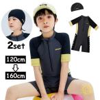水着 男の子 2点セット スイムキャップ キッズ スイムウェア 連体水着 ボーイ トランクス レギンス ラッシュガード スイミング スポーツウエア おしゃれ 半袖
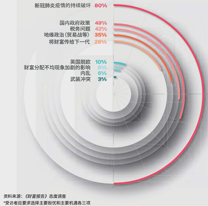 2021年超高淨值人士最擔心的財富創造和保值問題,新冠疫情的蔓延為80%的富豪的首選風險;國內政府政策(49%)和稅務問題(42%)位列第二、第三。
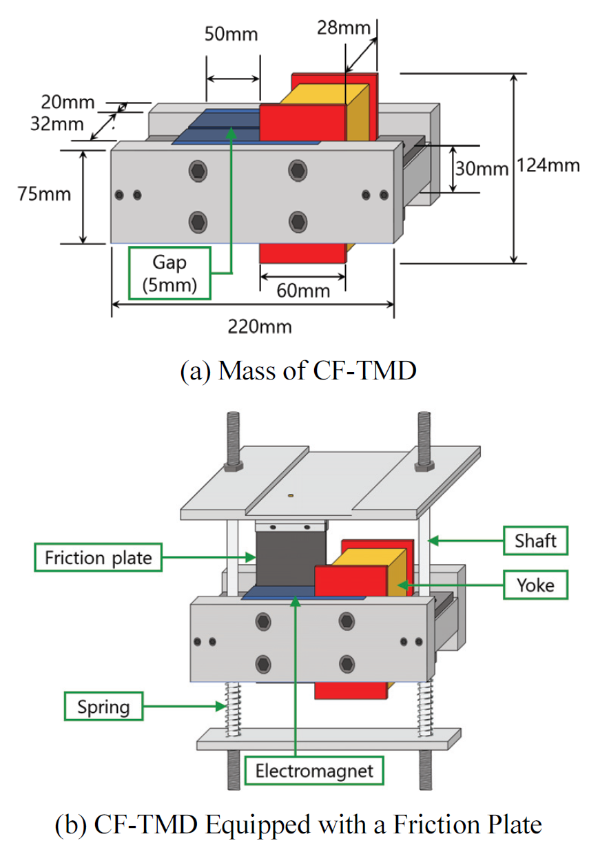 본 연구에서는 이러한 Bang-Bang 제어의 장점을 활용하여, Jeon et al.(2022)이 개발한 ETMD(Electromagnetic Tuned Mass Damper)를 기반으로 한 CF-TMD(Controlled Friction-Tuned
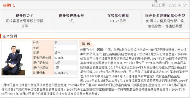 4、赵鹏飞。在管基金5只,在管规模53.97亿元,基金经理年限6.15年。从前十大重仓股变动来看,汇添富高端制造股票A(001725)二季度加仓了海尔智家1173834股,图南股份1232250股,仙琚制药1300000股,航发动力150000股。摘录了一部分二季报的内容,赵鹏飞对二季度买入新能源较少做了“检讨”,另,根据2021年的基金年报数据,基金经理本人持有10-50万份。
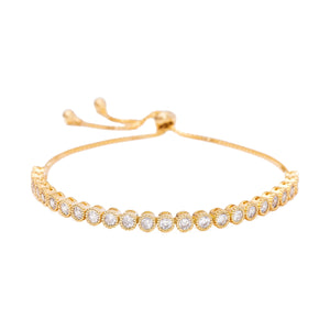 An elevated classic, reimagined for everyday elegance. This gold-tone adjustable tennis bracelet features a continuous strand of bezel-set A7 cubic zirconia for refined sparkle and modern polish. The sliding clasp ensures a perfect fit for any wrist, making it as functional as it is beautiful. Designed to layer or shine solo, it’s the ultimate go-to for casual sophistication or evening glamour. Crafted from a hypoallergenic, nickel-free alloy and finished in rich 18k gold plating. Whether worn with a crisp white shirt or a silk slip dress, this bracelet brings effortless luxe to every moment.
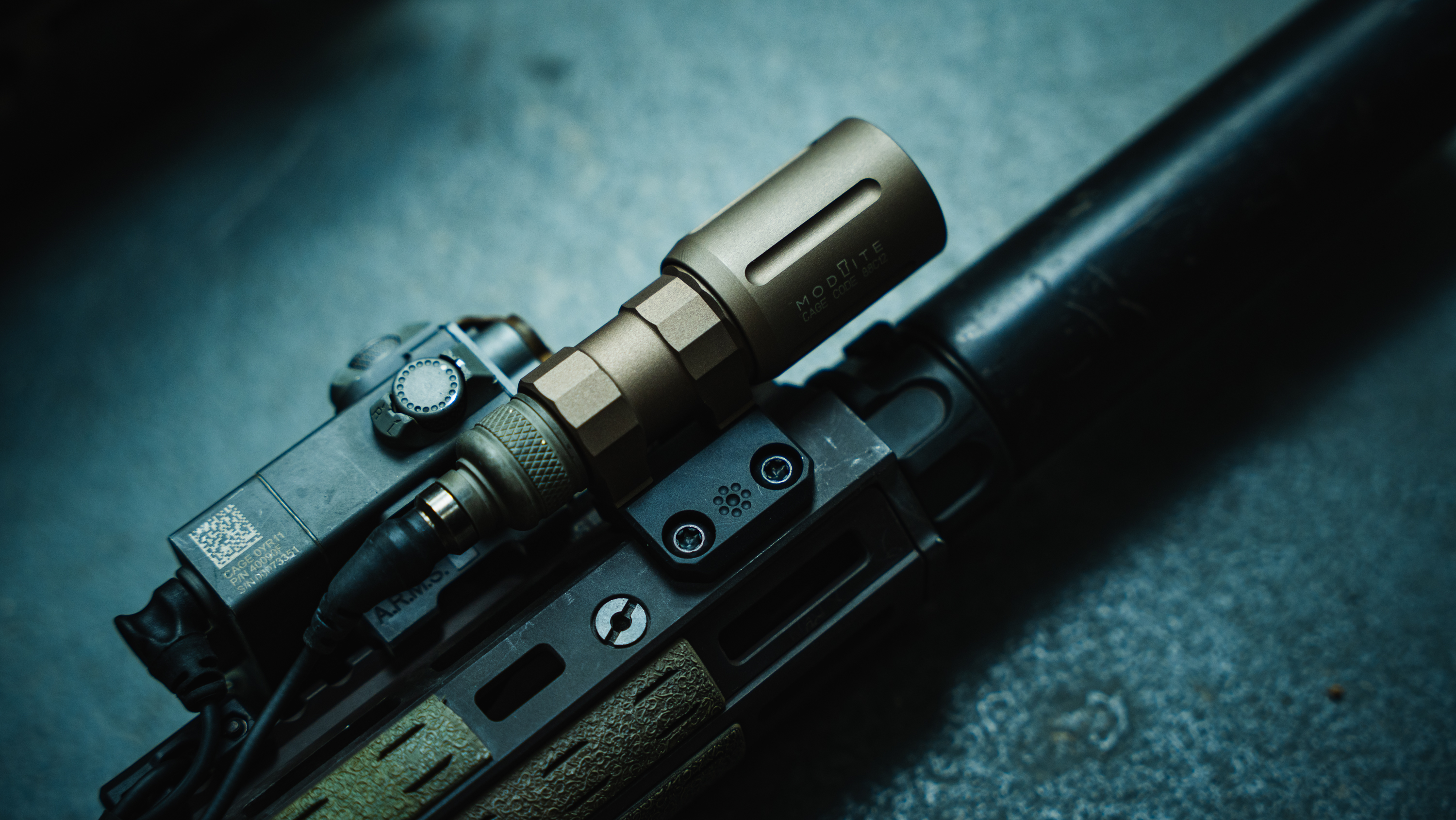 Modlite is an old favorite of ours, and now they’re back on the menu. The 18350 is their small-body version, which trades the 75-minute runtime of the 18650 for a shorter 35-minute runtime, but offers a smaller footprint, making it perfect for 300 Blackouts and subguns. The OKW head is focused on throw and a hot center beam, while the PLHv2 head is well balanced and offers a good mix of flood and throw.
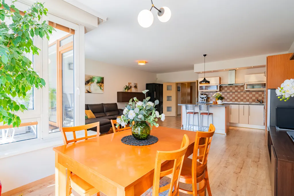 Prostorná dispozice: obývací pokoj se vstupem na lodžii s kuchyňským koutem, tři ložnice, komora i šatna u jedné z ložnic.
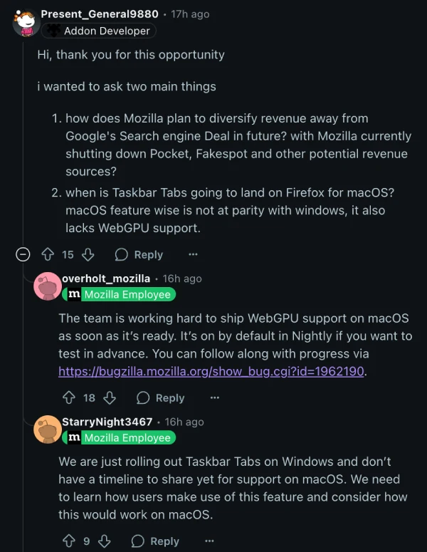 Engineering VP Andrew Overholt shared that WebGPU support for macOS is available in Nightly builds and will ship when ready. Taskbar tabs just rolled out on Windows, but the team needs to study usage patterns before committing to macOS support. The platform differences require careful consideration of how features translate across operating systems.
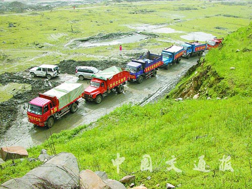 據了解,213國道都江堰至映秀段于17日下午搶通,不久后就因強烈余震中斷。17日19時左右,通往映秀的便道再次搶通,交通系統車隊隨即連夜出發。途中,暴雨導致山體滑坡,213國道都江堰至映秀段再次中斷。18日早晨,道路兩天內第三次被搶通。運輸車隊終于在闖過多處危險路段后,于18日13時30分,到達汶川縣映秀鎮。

# PROBLEM TO WORK ON
Write out exactly the lines that run from the top of the listing above to the line containing "본 연구에서는 이러한", both ends included. Omit every picture.

# TASK ANSWER
水着 男の子 2点セット スイムキャップ キッズ スイムウェア 連体水着 ボーイ トランクス レギンス ラッシュガード スイミング スポーツウエア おしゃれ 半袖
 2021年超高淨值人士最擔心的財富創造和保值問題,新冠疫情的蔓延為80%的富豪的首選風險;國內政府政策(49%)和稅務問題(42%)位列第二、第三。
 본 연구에서는 이러한 Bang-Bang 제어의 장점을 활용하여, Jeon et al.(2022)이 개발한 ETMD(Electromagnetic Tuned Mass Damper)를 기반으로 한 CF-TMD(Controlled Friction-Tuned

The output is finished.